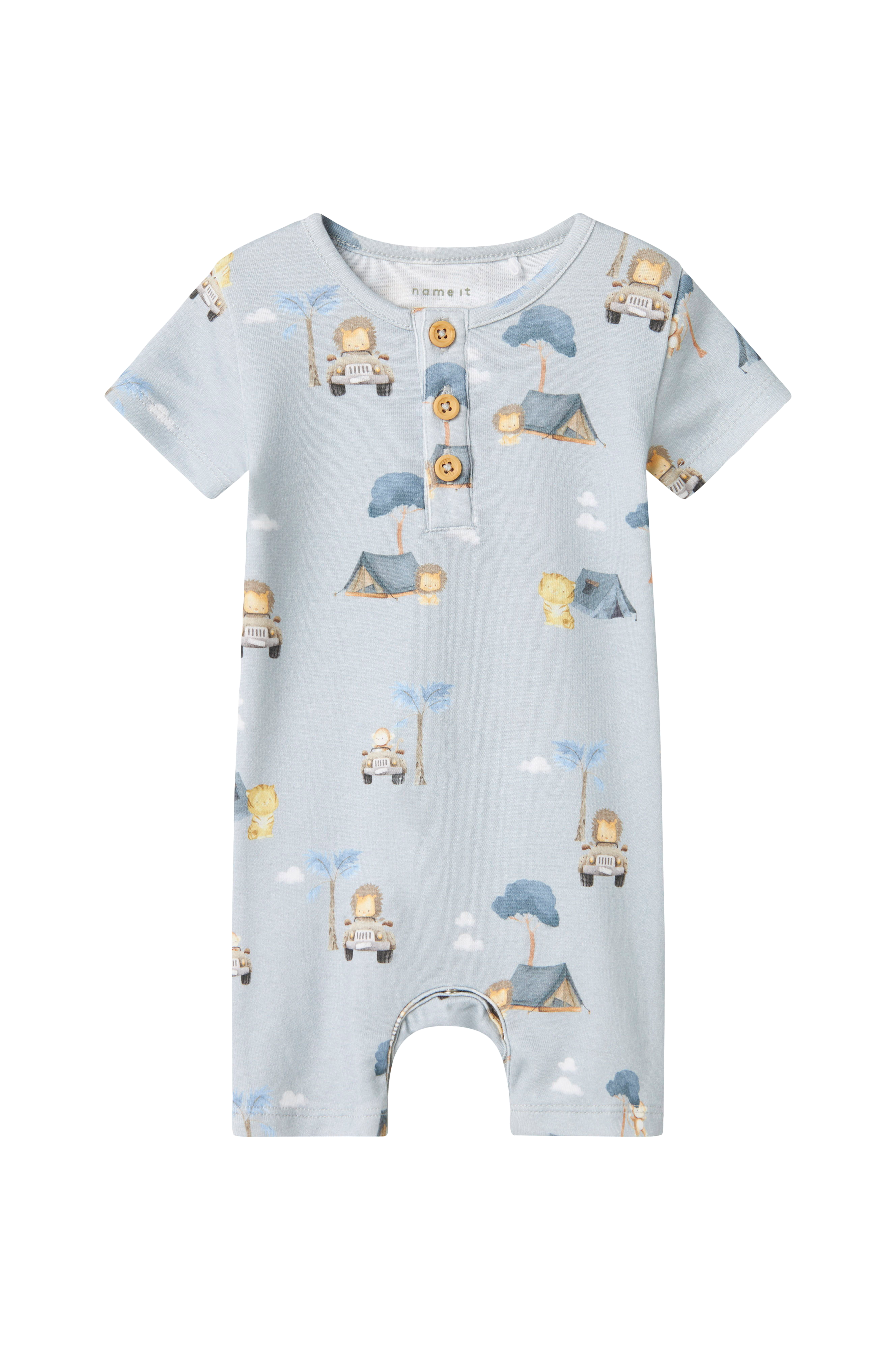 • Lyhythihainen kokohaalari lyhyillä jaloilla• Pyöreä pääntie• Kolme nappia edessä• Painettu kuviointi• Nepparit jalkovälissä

* * *

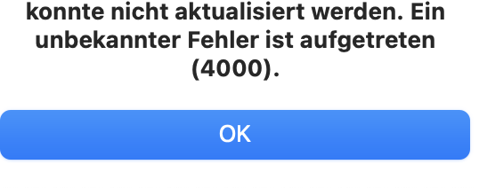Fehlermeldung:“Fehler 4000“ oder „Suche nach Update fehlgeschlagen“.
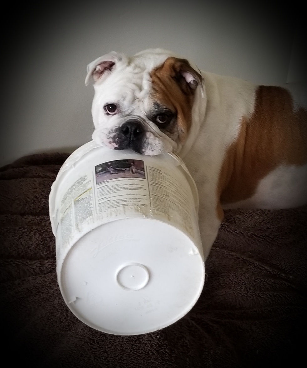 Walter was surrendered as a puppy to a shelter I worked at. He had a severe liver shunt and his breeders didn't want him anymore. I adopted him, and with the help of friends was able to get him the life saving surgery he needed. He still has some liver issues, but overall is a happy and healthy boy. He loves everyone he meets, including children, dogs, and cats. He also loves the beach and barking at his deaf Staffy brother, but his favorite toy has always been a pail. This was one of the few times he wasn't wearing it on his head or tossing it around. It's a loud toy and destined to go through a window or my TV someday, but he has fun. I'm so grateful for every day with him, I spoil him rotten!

» Task instructions
Without the pictures, set down the lines above from the line with "oder „Suche nach" up to and including the line with "Walter was surrendered" exactly as they stand.

» Task answer
Fehlermeldung:“Fehler 4000“ oder „Suche nach Update fehlgeschlagen“.
 Walter was surrendered as a puppy to a shelter I worked at. He had a severe liver shunt and his breeders didn't want him anymore. I adopted him, and with the help of friends was able to get him the life saving surgery he needed. He still has some liver issues, but overall is a happy and healthy boy. He loves everyone he meets, including children, dogs, and cats. He also loves the beach and barking at his deaf Staffy brother, but his favorite toy has always been a pail. This was one of the few times he wasn't wearing it on his head or tossing it around. It's a loud toy and destined to go through a window or my TV someday, but he has fun. I'm so grateful for every day with him, I spoil him rotten!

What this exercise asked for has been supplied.